To elucidate the structural influence of Hsp90 on the Tau conformational ensemble, we performed DEER spectroscopy of doubly spin-labeled Tau. DEER traces remained modulation free upon addition of Hsp90 (fig. S4). Thus, dynamic disorder prevails in Tau also when interacting with the chaperone ( Fig. 1C). Addition of Hsp90 changed Δ eff values, indicating a shift in the conformational equilibrium of Tau ( Fig. 4B): A pronounced increase in the average spin-spin separation occurred for Tau-17*-291* and Tau-17*-433*. This indicates that the N terminus detaches from both Tau-RD and the C terminus and folds outward, opening up the paper clip ( Fig. 5). ΔΔ eff values suggested a slight stretching of N-terminal Tau between Tau-17*-103* and of Tau-RD in the region between Tau-291*-322* in R2/R3, while the overall dimension of Tau-RD between Tau-244*-354* remained unchanged. While individual repeat sequences, e.g., R2/R3 expanded while accommodating Hsp90, there seems to be considerable flexibility in the remaining Tau-RD for preserving its overall dimension. A similar structural reorganization of Tau toward an open conformation was reported upon binding to tubulin, where stretches between individual repeats expanded, while the overall dimension of Tau-RD remained unaffected (). Our results report the conformational basis of Tau oligomerization in the presence of Hsp90 and suggest that binding to Hsp90 opens the compact Tau solution structure, exposing Tau-RD residues and presenting them to other Tau molecules. As the Tau/Hsp90 complex is of a transient nature, oligomerization of Tau molecules may then occur via exposed Tau-RD.
This in vitro EPR study was performed using full-length Tau in the absence and presence of Hsp90. Spin labeling sites were established before in single-molecule FRET (, ). Analysis of the conformational ensemble of Tau was based on EPR dipolar spectroscopy using DEER (-). Long-range intramolecular distance information was obtained with doubly spin-labeled Tau molecules and supported by monitoring the local side-chain dynamics of singly spin-labeled Tau. In addition, intermolecular interactions were monitored by DEER and singly spin-labeled Tau derivatives to gain insight into the oligomerization state of Tau. Biochemical assays, e.g., sucrose gradient ultracentrifugation, and QCM helped to shape and support the findings.

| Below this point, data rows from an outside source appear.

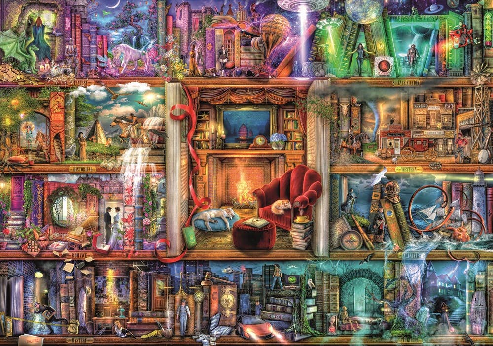 Each puzzle has been individually designed and titled to reflect the theme of the image - ''World Travel Bookshelf', 'The Grand Fiction Library', 'Once Upon A Fairytale' and 'Museum Shelf'.
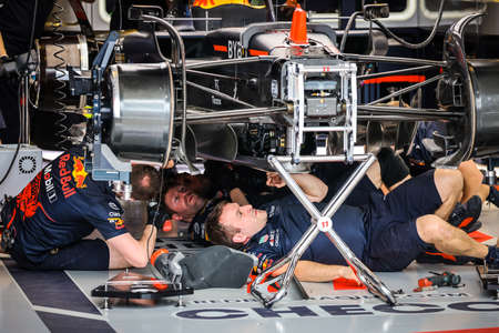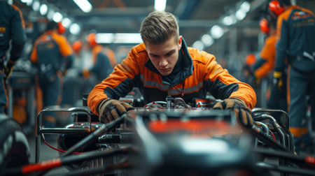 Young man in colorful uniform, mechanics adjusting race car components, fixing and preparing care for upcoming races.
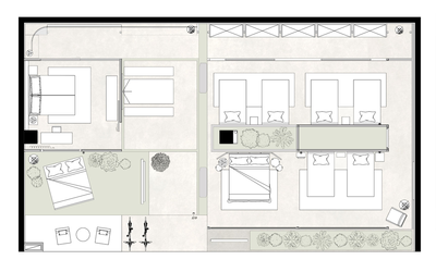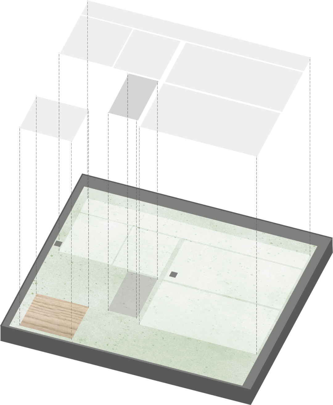 产品展示区/试睡区/周边产品区/深度睡眠区/沟通洽谈区/仓储区等区域根据使用功能的不同组合成整体的网格系统,而整个网格系统则放置于“自然场域”的整体平面中,践行“Sleep on Nature”这一品牌理念,这便是此次的设计出发点。
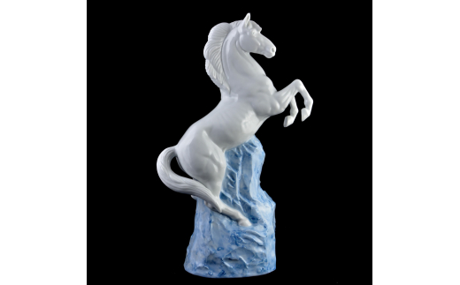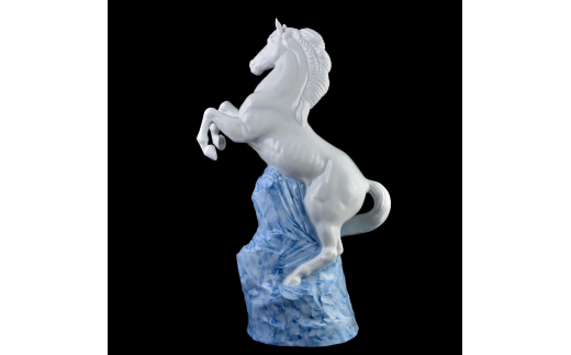 力強い馬の姿を伊万里鍋島焼の白磁でお届けします。立派なたてがみをなびかせ、隆々とした筋肉で勢いよく跳躍する大人の馬の姿が、威厳を感じさせます。
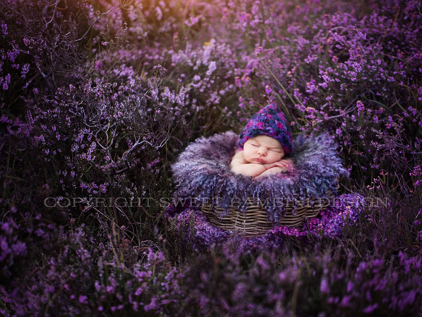 Newborn Digital Backdrop - Purple wicker basket in natural purple heather, New Forest UK

Human Hsp90b (Uniprot identifyer P08238) and human Tau Isoform F (Uniprot identifyer P10636-8) were prepared as described before (, ). Purification protocols and spin labelling procedures are detailed in the Supplementary Materials.
Samples were prepared with deuterated sample buffer and had final Tau concentrations of 28 μM. Hsp90 was added where applicable at a concentration of 56 μM. For measurements at cryogenic temperatures upon shock freezing, 20% (v/v) [d 8]glycerol was added to the samples.
All continuous wave EPR spectra were recorded at X-band frequency at 293 K on singly spin-labeled Tau derivatives with a typical sample volume of 10 μl. The spectra were analyzed using home-written MATLAB scripts. Rotational correlation times τ corr were obtained using Kivelson's equation ().
DEER measurements were performed at Q-band frequency at 50 K with a sample volume of 12.5 μl. DEER raw data were analyzed globally using the DD (Version 7B) software package for MATLAB (, ). Effective modulation depths Δ eff were determined as a measure for the effective spin-spin separation as established by Hinderberger and co-workers (, ).
The oligomerization state of Tau samples incubated with Hsp90 or heparin for various incubation times as indicated in Fig. 2 were resolved by ultracentrifugation on sucrose density gradients. Density gradients were divided into 12 equal fractions of increasing density and subjected to dot blot analysis using immunodetection and fluorimetric visualization.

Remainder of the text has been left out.